▸ Records
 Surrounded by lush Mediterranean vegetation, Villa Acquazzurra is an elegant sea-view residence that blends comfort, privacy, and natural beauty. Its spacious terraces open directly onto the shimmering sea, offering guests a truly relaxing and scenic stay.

...

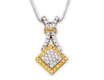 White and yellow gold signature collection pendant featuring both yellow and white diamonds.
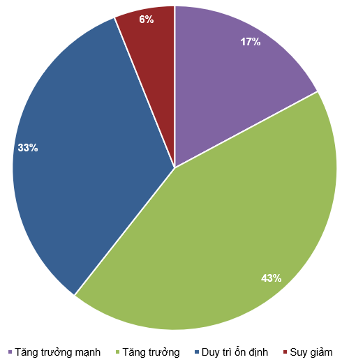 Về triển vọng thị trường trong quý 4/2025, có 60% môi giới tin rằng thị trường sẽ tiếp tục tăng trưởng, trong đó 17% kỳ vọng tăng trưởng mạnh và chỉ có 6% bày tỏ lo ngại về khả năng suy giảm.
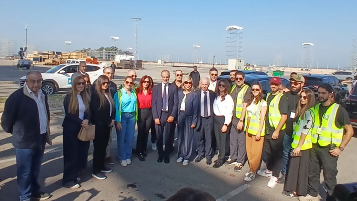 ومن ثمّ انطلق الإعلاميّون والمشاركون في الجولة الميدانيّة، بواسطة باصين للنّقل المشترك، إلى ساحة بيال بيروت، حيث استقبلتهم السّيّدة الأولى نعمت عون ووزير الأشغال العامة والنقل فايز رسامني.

▸ Problem to solve
Your reply is to be an exact repeat of the listing above from the line holding "White and yellow" down to the line holding "ومن ثمّ انطلق", ends included, pictures excluded.

▸ Your response
 White and yellow gold signature collection pendant featuring both yellow and white diamonds.
 Về triển vọng thị trường trong quý 4/2025, có 60% môi giới tin rằng thị trường sẽ tiếp tục tăng trưởng, trong đó 17% kỳ vọng tăng trưởng mạnh và chỉ có 6% bày tỏ lo ngại về khả năng suy giảm.
 ومن ثمّ انطلق الإعلاميّون والمشاركون في الجولة الميدانيّة، بواسطة باصين للنّقل المشترك، إلى ساحة بيال بيروت، حيث استقبلتهم السّيّدة الأولى نعمت عون ووزير الأشغال العامة والنقل فايز رسامني.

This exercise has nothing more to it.